After receiving so many awful music PR emails from companies I've never worked with, I thought I'd resurrect my old blog in order to do something about it. Having your email address so visible in your Twitter bio is probably not such a good idea after all and here I was thinking it would lead to either worthwhile business opportunities or the occasional rando message from a pervert, yet here I am, inundated with a trash pile full of unlistenable tracks. I thought it'd be best to share these wonders with the web instead of suffering in silence alone at my desk.
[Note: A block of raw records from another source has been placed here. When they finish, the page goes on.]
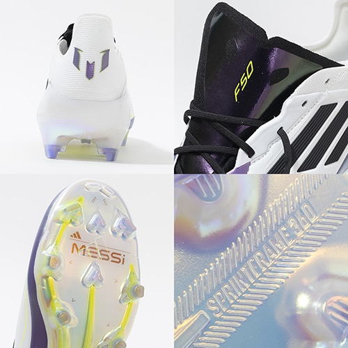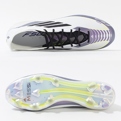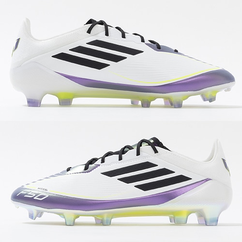 - 2024年10月11日(金)発売。メッシのプレースタイルに合わせて進化を遂げたコレクション『MESSI TRIUNFO ESTELAR(メッシ トリウンフォ エステラー) PACK』が登場。軽量素材とテクノロジーを駆使し、現代のゲームスピードに適応するように再設計されたadidas『F50』のELITE(エリート)モデルFG(ファームグラウンド)対応スパイク。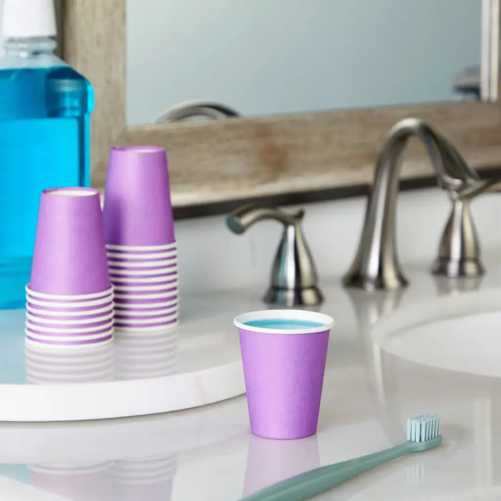Use this set of 600 purple cups to conveniently rinse and gargle mouthwash while you brush your teeth at home, in the office, or while at school. The small bathroom cups each measure 2.2 x 2.35 inches with a 3-ounce capacity and internal coating to ensure liquid does not leak out. Use the small disposable cups for espresso shots or liquor shots too.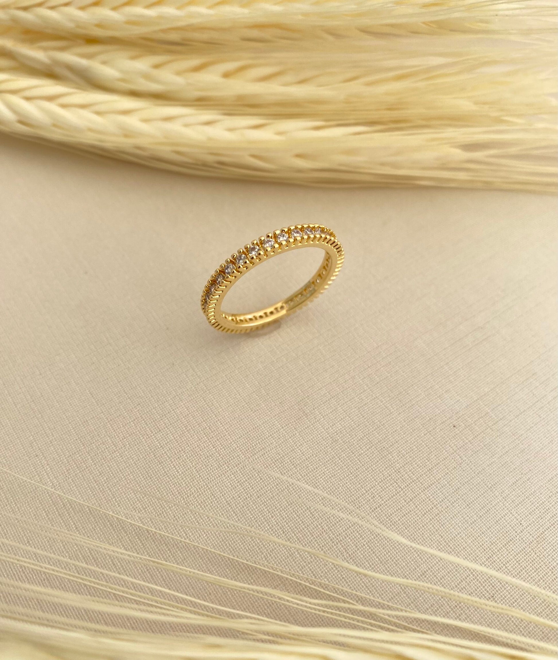 Clássico, versátil e atemporal. O Anel Aparador Requinte Cravejado é a peça perfeita para quem valoriza o brilho discreto e a elegância minimalista. Com micro zircônias delicadamente alinhadas em toda a sua extensão, ele é ideal para ser usado sozinho ou como aparador de outras joias, acrescentando um toque de sofisticação ao mix de anéis.
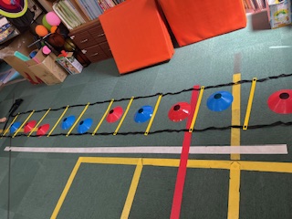 この黄色いのがラダー(はしご状のもの)です。そこに赤と青のコーンを置きます。

Eleven days ago, a cold email with the subject "Clay release brand new anthem 'Saint'" dropped into my inbox and after quickly convincing myself that I was having heart palpitations from drinking far too much coffee in a short space of time, considered that the biblical sounding message from the unknown could actually be a helping hand from the heavens. What came through my speakers, however, was surely the reason why the music industry has gone to absolute hell.  
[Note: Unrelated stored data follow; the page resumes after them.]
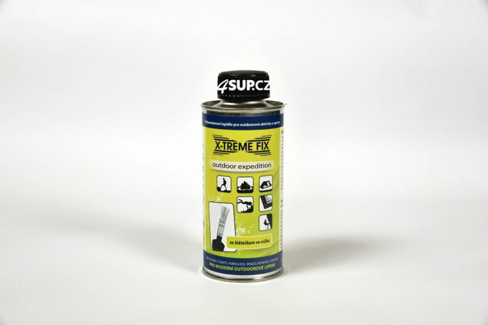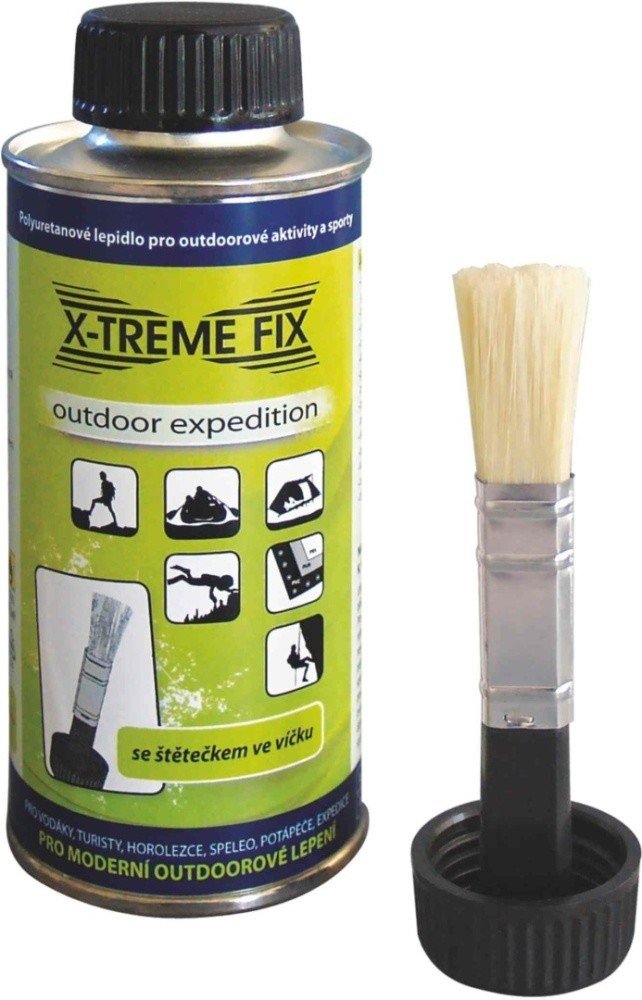 NÁVOD NA LEPENÍ:Lepené plochy musí být suché, čisté. Některé povrchy pryží (Hypalon ®) je třeba před lepením zdrsnit smirkovým papírem. Pro dokonalé spojení doporučujeme lepené plochy odmastit acetonem (platí pouze pro mastné povrchy, jinak není nutné). Štětcem nebo stírkou naneste lepidlo v tenké vrstvě na obě lepené plochy. U savých povrchů proveďte jeden popřípadě i dva před nátěry. Po zavadnutí lepidla (3-5 min.) přiložte záplatu a silou ji přitlačte. K tomuto je vhodné použít váleček. Konečné pevnosti spoje je dosaženo po 24 hodinách. Po jedné hodině je však dosaženo pevného spojení a spoje snesou i mírné zatížení (např. při nouzových opravách nafukovacích člunů). Spoj je pružný a odolný proti vodě. Znečištěné pomůcky od lepidla lze očistit acetonem. Použitím tvrdidla X-TREMEFIX HARTER lze docílit rychlejšího vytvrzení spojů a zvýšení jejich tepelné odolnosti. Dávkování tvrdidla: na 100 dílů lepidla 5 dílů tvrdidla. Tvrdidlo není součástí lepidla, prodává se zvlášť.
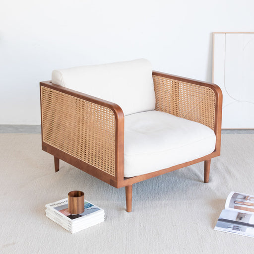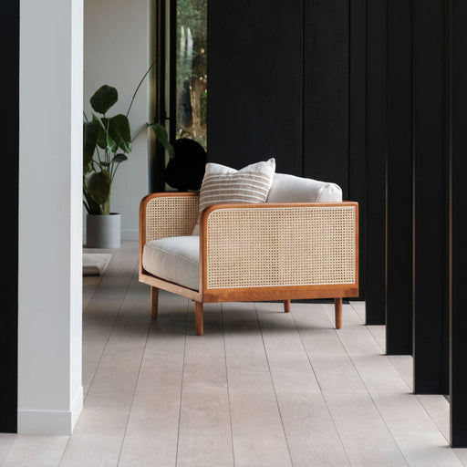 Refinado, contemporáneo y totalmente de moda gracias al asiento de ratán: así es nuestro sillón Flora en roble. ¡Este sillón de mimbre, inspirado e...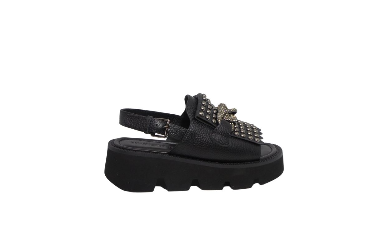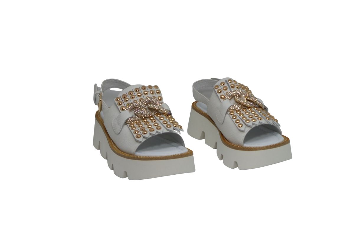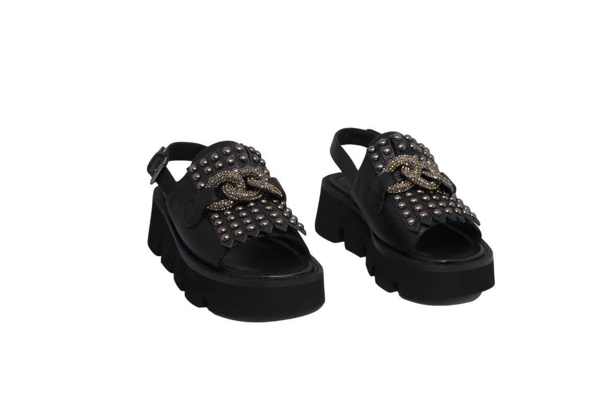 EMANUELLE VEE 421M-450-11 Sandalo In Pelle Con Catena E Frange

Realistically, I could've guessed Clay would be terrible by the combination of this promo photo and the fact they were boasting "in store playlist support from Topman, Topshop, H&M and Burton". Of course the four horsemen of the apocalypse manufacture the background noise of generic high street stores, none of these inoffensively styled bringers of sonic death can even look us in the eye. Their vibe is exactly how you'd imagine, upbeat and uninteresting, like The 1975 but with more autotune and none of the money thrown at it. How they have a record deal is beyond comprehension, presumably one of their parents have a few mates in the BBC that they bribe to include their songs onto the Radio 1 playlists.
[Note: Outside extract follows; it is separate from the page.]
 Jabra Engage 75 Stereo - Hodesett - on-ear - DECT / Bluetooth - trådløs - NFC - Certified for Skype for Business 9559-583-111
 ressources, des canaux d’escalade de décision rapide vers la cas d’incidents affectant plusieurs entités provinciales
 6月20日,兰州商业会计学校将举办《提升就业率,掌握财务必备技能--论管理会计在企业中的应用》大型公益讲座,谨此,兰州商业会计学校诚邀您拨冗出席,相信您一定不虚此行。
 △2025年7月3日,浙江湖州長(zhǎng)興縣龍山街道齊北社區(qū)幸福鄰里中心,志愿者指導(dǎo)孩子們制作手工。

How they're aiming to "re-invent the modern perception of a band" (their words, not mine) I don't know. A musical four piece comprising of presumably straight, white dudes with a catalogue edgy hair cuts, newly fresh leather jackets and lyrics about "holding me closer" doesn't exactly scream reinvention. A combination has been around since The Beatles isn't either a reinvention or modern. I'd be more impressed if the email was straight up honest and described them simply as a "classic band stereotype" but at least they provided me with a cheap laugh and a stitch. 

In a country that voted for Brexit, it's no wonder that the music scene is rife with meaningless drivel that's neither stylish or substantial but please leave Clay in the ground and stop sending me these terribly mediocre songs. 

If you so wish, you can listen to the track for yourself over on Spotify. Abandon all hope, ye who enter here.